Fire element in distortion

I am exploring the wounded, sensitive point in my psyche that comes up in June, before Summer Equinox. It produced feelings of depression last year, which lasted all the way to Samhain – a long time. This year I am determined to un-tangled and look at what is going on with an aim to acknowledge, heal and integrate. It is the 3rd June and I have been feeling the now familiar energy rising within already. This feels very hard and resistance is overbearing. The defence is always distorted Fire, which is cruel, ugly, merciless, the kind that burns everything to ash without any hope of new growth or so it seems at the time. This Fire is very different to a healthy Fire, which I would normally tap into during winter, post Yule and that energizes me to a degree of high productivity, enthusiasm, high energy and success.

Fire element in its distorted state prevents life from flowing, yet a healthy manifestation offers a chance for a re-birth. Fire is a glorious element, as it is transformative. We often have to burn, be in pain in order for something else to manifest through it. Calcinatio operation in the alchemical process.

This Fire stops a part of me being seen, it blocks any possibility of reconciliation within the psyche and ‘burns’ everything in my physical reality. Yet, we do come back from it every year and every time I look back on it with bewilderment and gratitude for having survived the ‘war’. It often feels like it. Sometimes it goes on for a month or two, other times it lasts longer and it can be exhausting.
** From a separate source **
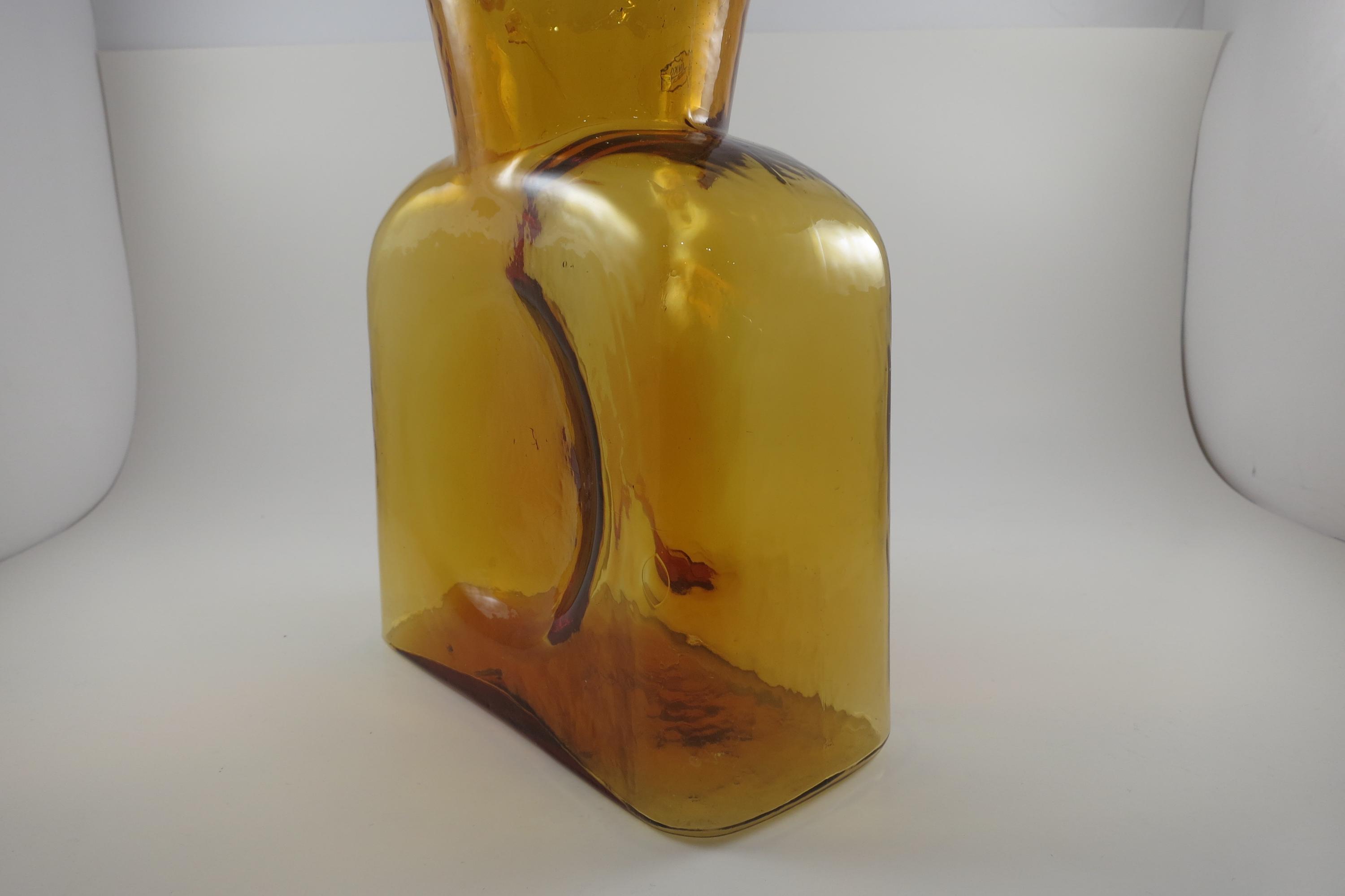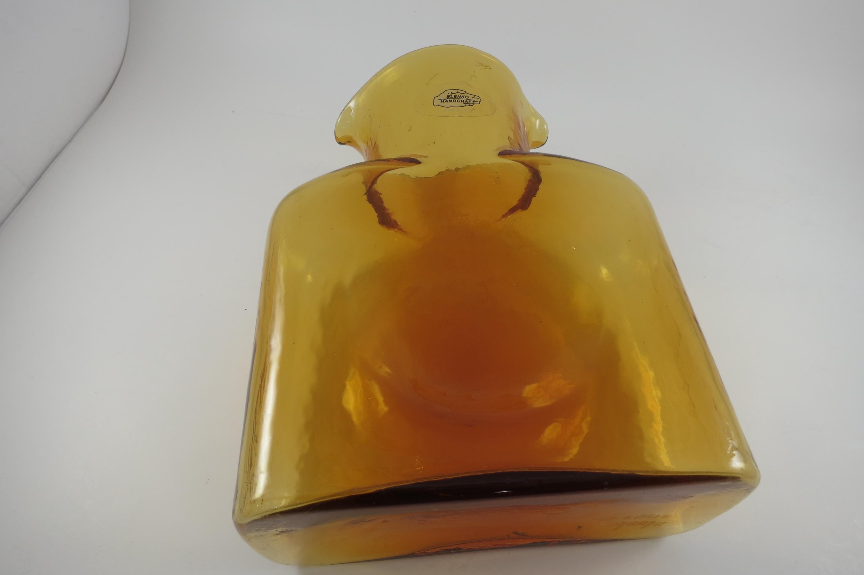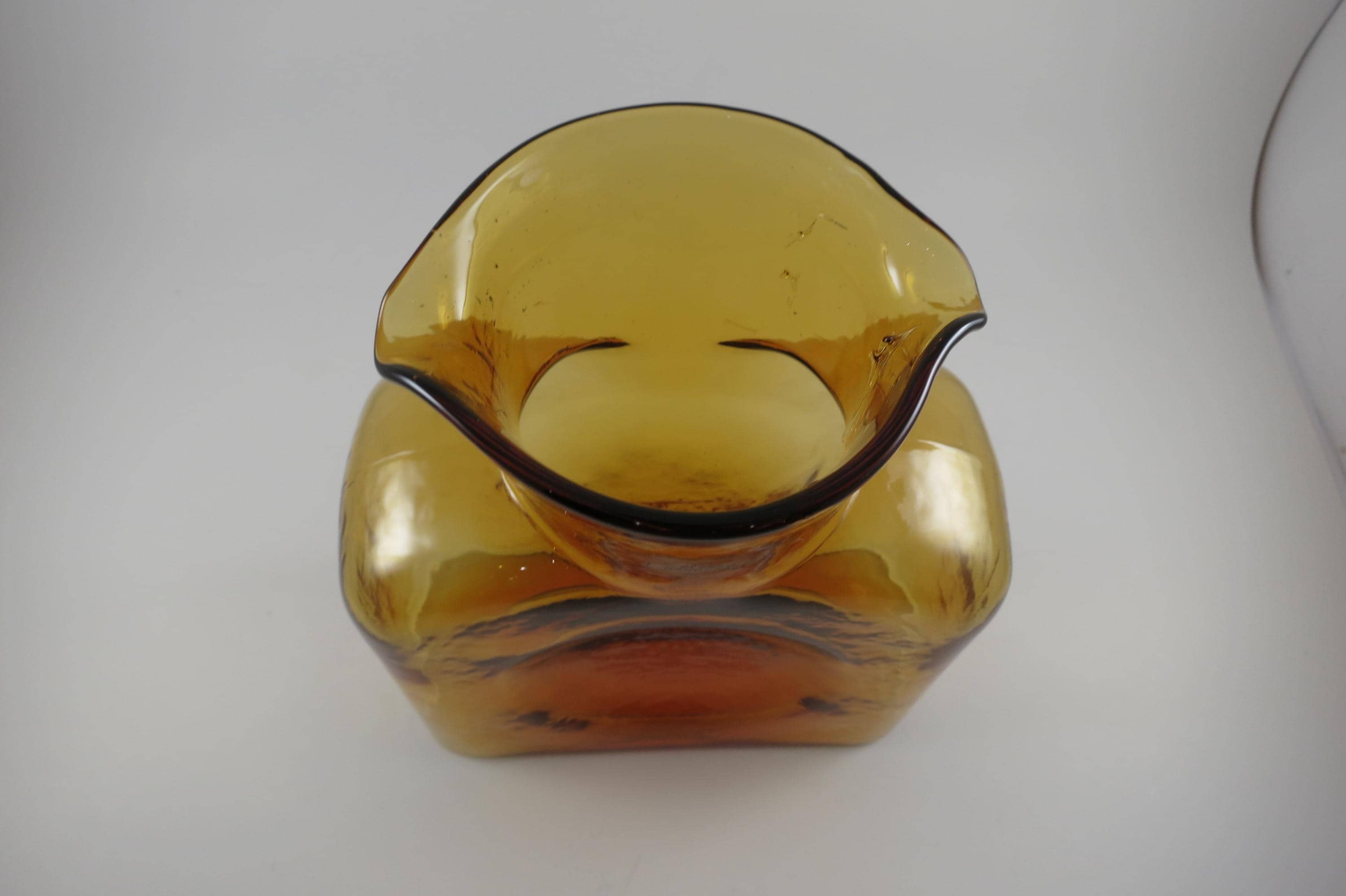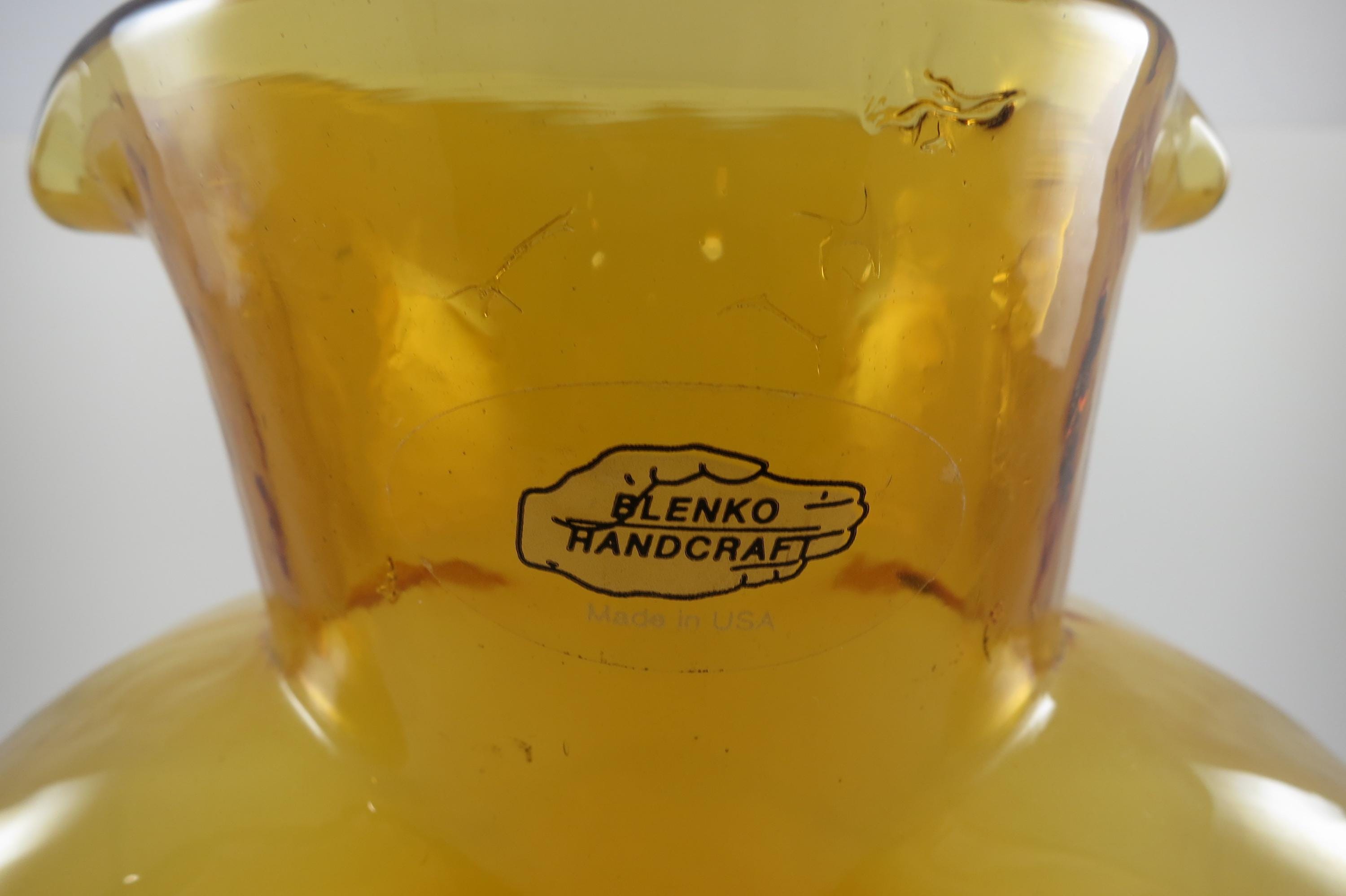 Measures 8 1/4 inches tall and 6 1/8 inches wide. Has a double spout. Beautiful Amber Color and has the Blenko sticker still attached.

I am writing this in hope that it might resonate with many and to explore/explain what happens when we reject, suppress parts of ourselves we are not willing to bring back, integrate and look at. One might refer to it as the material, which resides deep within our psyche and now and again pops out to say hello and we are in no way thrilled to welcome them back. Then a battle commences to avoid, resist, push it back and not having to deal with whatever it is that is asking to come back.

In my case this is my inner child – an extremely sensitive, delicate, vulnerable self that to the rest of me is so overwhelming I get thrown off-balance every time I feel her approaching. In order to defend I tap into my anger self and take a position of a distorted Fire, which is the only way I know how to send my ‘vulnerable self’ back to where it came from. My desire to project becomes almost unbearable, which tells us how difficult it feels for me to contain feelings of that inner child that comes into full view. When previously attempting to heal this I always resorted to giving it away to someone else, who is better equipped to look after it. It had worked for some time, but this time it seems that it wants me to take her in. It wants to come back from exile.

In dreams this part of me comes as one particular person, which I have come to recognise. It always appears a gentle, good part of me that everyone loves, apart from myself. In dreams as it wants to get close to me (not others even though they are more than happy to take her in) I begin my process of avoiding and running away from it. Last night I had such a dream and reflecting back I do recognise having been doing the ‘rejecting’, but on another level wanting to get close to it also and that’s where the clue lies towards integration. Not all is lost. In the dream last night the soft part of me also decided to reject me and that really hurt. It jumped on a ‘runaway’ train seeking separation from me and expressing its disappointment. That hurt. It is not that I don’t want to, but more I can’t bring myself, don’t know how to deal with it. I reject before it rejects. This plays out in my physical reality in a way of projecting exactly that. What I am projecting is the anger with myself and seeming inability to deal with the vulnerable self. Anger is also laced in disappointment, shame, self-punishment, etc., which also manifests in real life and is projected outwards when the angry self becomes shaming of others, expressing disappointment openly and emotional eating, e.g.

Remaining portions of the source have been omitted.